羅茲瓦爾的其他房產比尚邶想象中要近。龍車在土路上搖了大半天,穿過一片密林和幾座矮丘,就到了。
新宅邸居然比原本的宅邸還大了不少,足夠住下所有人的同時還顯得空曠的多。搬家的當天下午,尚邶靠在門廊的柱子上,看著蕾姆和佩特拉抱著被褥來來往往,忽然想起一件事。
“說起來,這次來沒見到克林德啊。”
他想去米洛德家的一個原因就是想看看那個神秘的管家到底是何方神聖,結果去了這麼些天連面都沒見上。
他話音剛落,旁邊正在整理窗簾的芙蕾德莉卡手指頓了一下。那個停頓很輕,如果不是尚邶恰好偏頭看了一眼,大概根本不會注意到。她繼續整理窗簾的褶皺,語氣和平時一樣平穩從容。
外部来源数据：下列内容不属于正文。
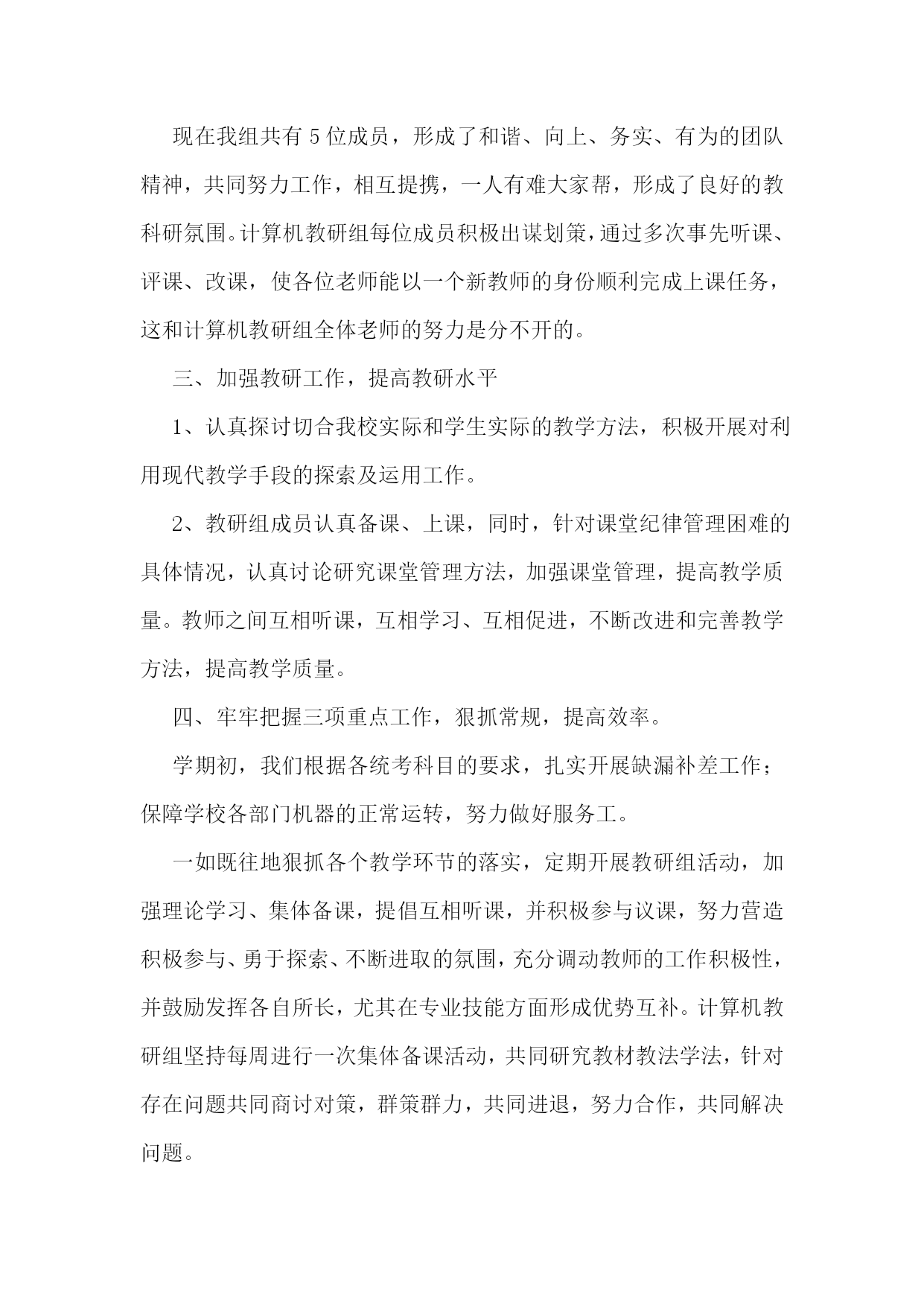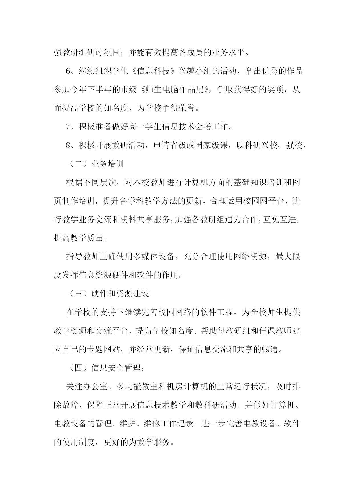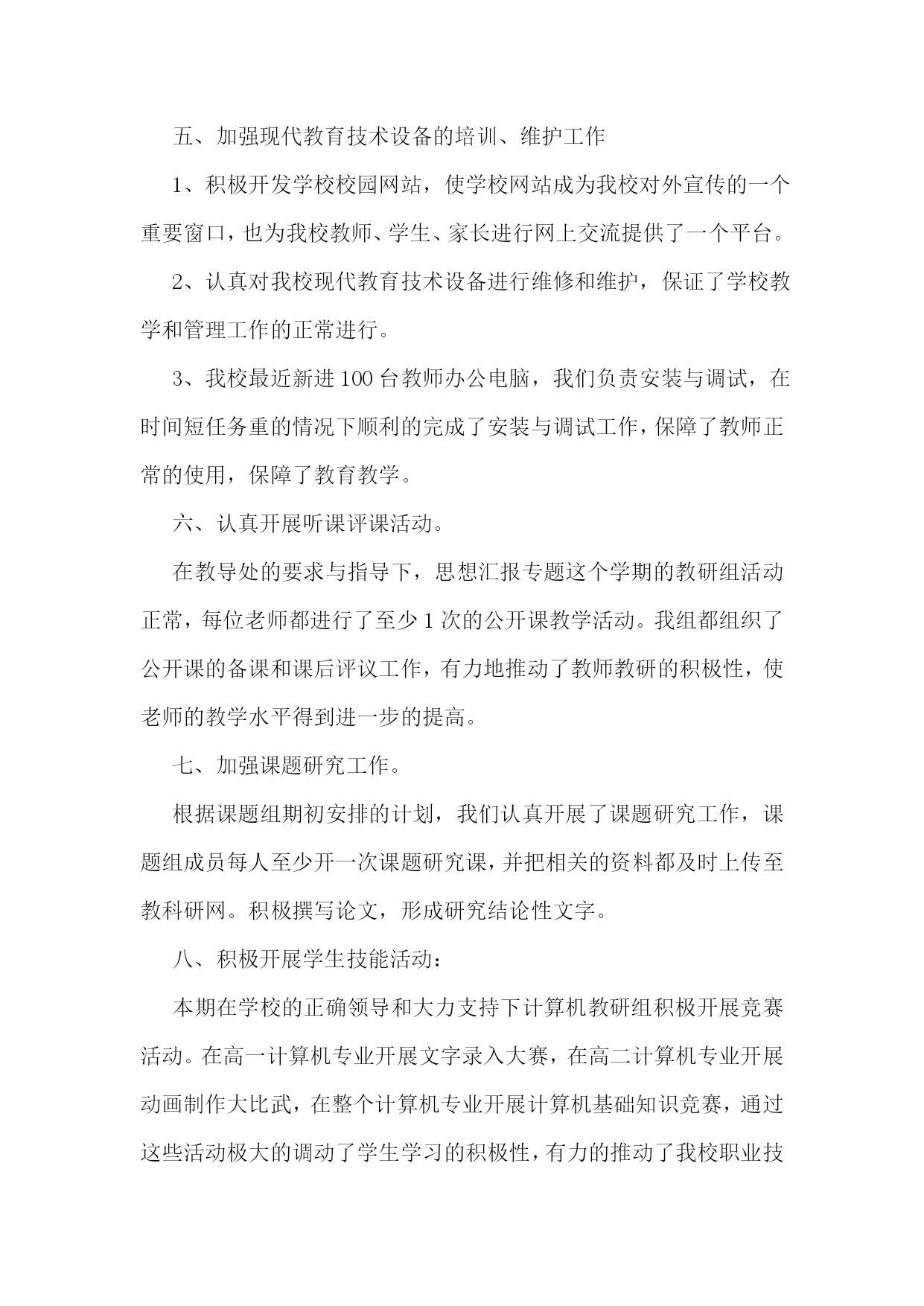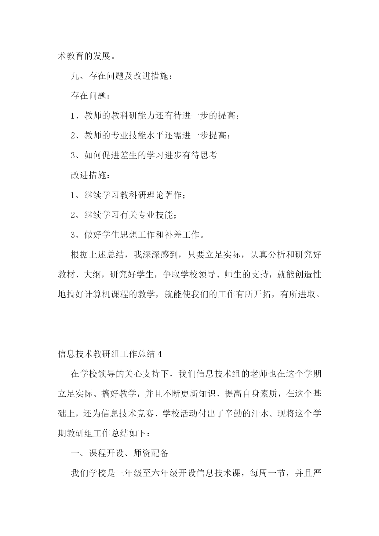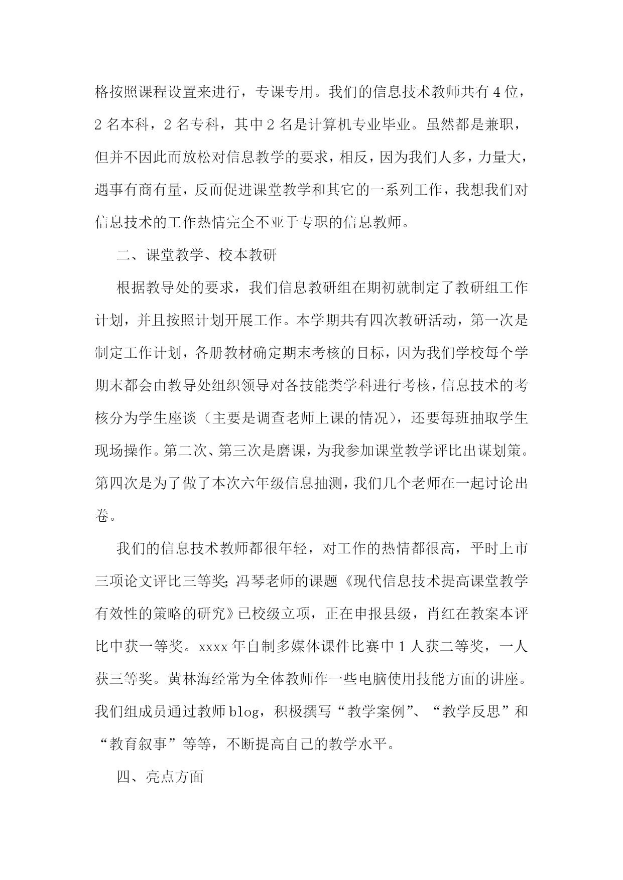 信息技术教研组工作总结(集锦15篇)信息技术教研组工作总结1在学校领导的关心支持下,我们信息技术组的老师也在这个学期立足实际、搞好教学,并且不断更新知识、提高自身素质,在这个基础上,还为各级信息技术竞赛付出了辛勤的汗水。现将这个学期教研组工作总结如下:一、指导思想以信息技术课程教学为重点,培养学生的信息素养,使学生具备获取信息、传输信息、处理信息和应用信息的基本能力,把信息技术作为支持终身学习和合作学习的手段,为适应信息化社会的学习、工作打下必要的基础。二、完成主要的工作1、组织本组教师进一步加强理论学习更新教育教学观念,继续抓好教学常规的落实。以生为本,以学为本,一切为学生的学习着想。2、加强学生信息技术基础知识的学习和基本技能的训练上好每一堂信息技术课,完成了高一级学生信息能力测试指标,并取得了一定的好成绩。3、积极参与各级各类的评比活动,努力提升教学实践水平和教学理论水平。4、配合老师们积极搜集、整理各种教学资源。5、维护好白板系统,使之能正常教学。6、维护好网络,方便老师们网上下载资源。8、培养学生学习兴趣,搞了一次“计算机表演”答题第二课堂活动。9、做好了高三学生电子档案填报工作。10、搞好卫生,机房保持干净。11、组内公开课:主讲人:王小霞张海燕12、优质录像课(王小霞一节)13、信息组发表论文2篇三、业务学习我们几人通过网格,加强理念、实践、技巧学习,提高个人水平。信息技术教研组工作总结2本学期信息技术教研组立足实际、搞好教学,并且不断更新知识、提高自身素质,积极为一线教师和职能科室做好服务工作,在这个基础上,还为各级信息技术竞赛付出了辛勤的汗水,并取得了一定的成绩。现将这个学期教研组工作总结如下:1、立足实际、搞好教学。信息技术是高一的必修课,实行新课改后,它也占有一定的学分,做好信息技术的教学工作也是不容忽视的。在开学初,全体教师参加了新课程培训工作,认真学习,积极接受新的教学理念,学习新的教育教学方法,并在教学工作中努力实施新的理念,做学生的良师益友。备课组按照学期计划,每周三进行集体备课活动,探讨在教学中可能出现的问题,和解决这些问题的方法对策,做好青年教师培训工作。高一学生的信息技术本来应当是非零起点的(在小学和初中都有这门课),但由于有些学生来自农村,他们从来就没有接触过计算机,,在这方面是个空白,甚至不知道鼠标的用法,不知道开关机的方法,而其他的学生呢?已经会在网上邻居查找游戏,知道怎么将一个文件夹共享、隐藏、给共享加访问权限,有的时候老师都拿他没有办法。怎样让一个从未接触过信息技术知识的学生,熟练地掌握最基本的知识,我们组的老师进行了“分层教学”的模式,并加强个别辅导、实现同学间一帮一、多帮一,基本解决了常规教学中难以攻克的难题。并为方便学生学习,每天下午三节课后,给学生开放机房,为他们提供更多的机会补差补缺,达到共同进步。2、努力做好服务工作。尽心尽力服务教学,是我们工作的准则,做好学校网站和学科的网站建设,服务教学,充分利用好现有资源,发挥最大的功效。本学期又有十六个教室安装了多媒体,为能更好的让老师使用这些资源,我们教研组专门对教师进行了多媒体使用的培训,手把手地教老师使用。由于校园网络不够稳定,特为广大老师开设了FTP文件服务;对教学和工作中出现的问题,只要我们教研组的老师知道了,都能及时去给以解决。对老师做课件遇到困难时,总能给予帮热情指导;在每年一次的大型教育教学研讨会活动中,我们信息技术组的老师就是默默地做好多媒体的服务保障工作,如果有教师参加省市级赛课,我们信息技术组的老师也能给预相应的保障。3、加强学习,提高业务水平组内教师平时注重自己的业务学习,自学一些软件的使用,了解最新的信息技术动态,这也和信息技术本身这门前沿学科相关,只有及时掌握最新的技术和思想,才能更好的为教学服务。比如,操作系统的更新和漏洞的补丁,病毒库的及时更新等等。任何教学活动总离不开理论与实践相结合这条主线,信息技术更是如此。4、做好奥赛和学生课外辅导工作。辅导老师克服生源少和其他一些困难,牺牲自己的休息时间,利用周末给学生进行辅导。5、在我们的工作之中还存在很多不足之处,在今后的工作之中要加强自律,增强服务意识,加强自身学习,为学校的发展而努力工作。下学期信息技术教研组展望:(一)教学教研:1、积极开展教研活动,学习课程改革精神,学习和探索任务驱动和小组协作的教学理论,并在实践中摸索。2、认真备课,加强对教材的研究和探讨,针对本校学生实际情况和设备,运用各种先进的教学理念和手段,上好每堂课。3、教师之间进行相互学习,相互交流,从而提高本校每个计算机教师的技术水平,形成辅助教学,并融入到其他学科的良性循环。4、组织教师互相听课,激发学生

“是的。克林德先生這次恰好有事外出,未能與尚邶大人見面,確實有些遺憾。”
“你也覺得遺憾?”尚邶隨口問道,“你這語氣聽上去好像不是遺憾這麼簡單啊。”
芙蕾德莉卡沉默了好一會兒,然後嘴角浮起一絲極其微弱的、不太好形容的弧度。那不是微笑,更像是某種釋然了很久之後殘留的無奈。
“......說實話,與其說是遺憾,不如說是鬆了口氣。我年輕的時候,對克林德先生有過一些特別的感情。不過那都是很久以前的事了,現在想來,大概連初戀都算不上吧?”她把窗簾的最後一個褶皺撫平,轉過身來朝他微微欠身,“都己經過去了。”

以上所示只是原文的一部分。